Home Di Media Ahmad Heryawan di Media HERYAWAN : JABAR BUTUH SDM HANDAL
HERYAWAN : JABAR BUTUH SDM HANDAL PDF Print E-mail
Friday, 19 June 2009 15:56
Gubernur Jawa Barat Ahmad Heryawan mengingatkan pentingnya ketersediaan sumberdaya manusia (SDM) yang handal dan berkualitas. Hal itu dibutuhkan agar potensi yang dimiliki Jawa Barat dapat dikelola dengan baik dan bertanggungjawab. Hal itu ditegaskan Heryawan saat melepas lulusan Siswa Sekolah-Sekolah di lingkungan Yayasan Darmaloka Tahun 2008/2009, yakni Bina Siswa SMA Plus Cisarua – Bandung Barat, SPP-SPMA Tanjungsari, SPP-SPMA Gegerkalong, SPP-SNAKMA Cikole dan SMK Pekerjaan Umum, Kamis (18/6) siang di Gedung Sate.

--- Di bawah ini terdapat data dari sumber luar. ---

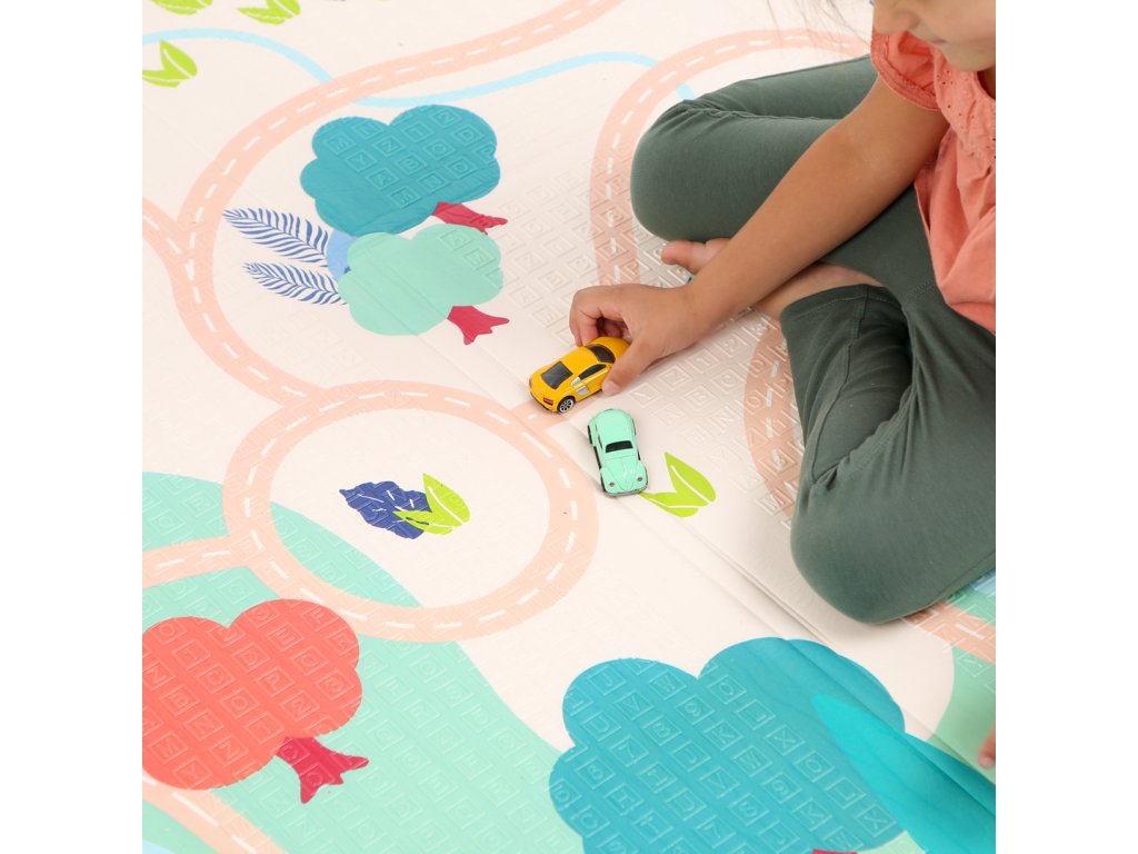 Podložka je dostatečně flexibilní a velká, takže si z ní děti mohou postavit tunel, překážkovou dráhu nebo si z ní vytvořit herní ostrůvek plný fantazie. Měkký a odolný pěnový materiál s protiskluzovou strukturou zajišťuje bezpečnost i pohodlí při každodenní hře.

Heryawan mengingatkan bahwa Jawa Barat merupakan propinsi yang kaya dengan potensi sumber daya ekonomi. Hal itu dibuktikan dengan kontribusi tertinggi untuk Produk Domestik Regional Bruto (PDRB) diberikan oleh tiga sektor unggulan, yaitu sektor industri pengolahan, sektor perdagangan, hotel dan restoran serta sektor pertanian, dengan kontribusi ketiganya pada tahun 2008 mencapai lebih dari 50%.

Namun, lanjut Heryawan tingkat penyerapan tenaga kerja asal Jawa Barat pada sektor unggulan tersebut masih jauh dari yang diharapkan. Akibatnya angka pengangguran terbuka di Jawa Barat pada tahun 2008 mencapai 2,26 juta orang, atau 12,08% dari total angkatan kerja Jawa Barat sebesar 18,74 juta orang. “Penyebab utamanya masih rendahnya kompetensi para pencari kerja asal Jawa Barat, sehingga tidak terserap lapangan kerja yang tersedia,” tegas Heryawan.

Untuk mengantisipasi hal tersebut, selain digulirkan sejumlah program pelatihan bagi para pencari kerja. Selain itu Pemerintah Provinsi Jawa Barat melalui misi kedua, meningkatkan pembangunan ekonomi regional berbasis potensi lokal. Tentunya hal itu perlu didukung program pendidikan menengah kejuruan berbasis kompetensi dan keunggulan lokal di daerah.

“Khusus di daerah-daerah yang mempunyai keunggulan lokal dalam bidang pertanian, kelautan, industri dan pariwisata. Program pendidikan non formal ini akan difokuskan kepada anak-anak dan remaja putus sekolah karena tidak mampu, untuk bisa bekerja pada sektor informal. Sehingga diharapkan mereka dapat meningkatkan taraf hidupnya secara mandiri,” tutur Heryawan.

Seiring dengan tujuan  peningkatan sumber daya manusia Jawa Barat yang produktif dan berdaya saing. Maka, Pemprop Jabar memandang keberadaan SMK/SPP-SPMA memiliki peran dan fungsi yang sangat strategis. Tidak hanya sebagai jalur pendidikan formal juga sebagai penyedia tenaga kerja  terampil yang dibutuhkan untuk mendukung laju pembangunan daerah. Khususnya pada pengembangan pertanian tanaman pangan dan holtikultura, perikanan, peternakan dan pengembangan infrastruktur daerah.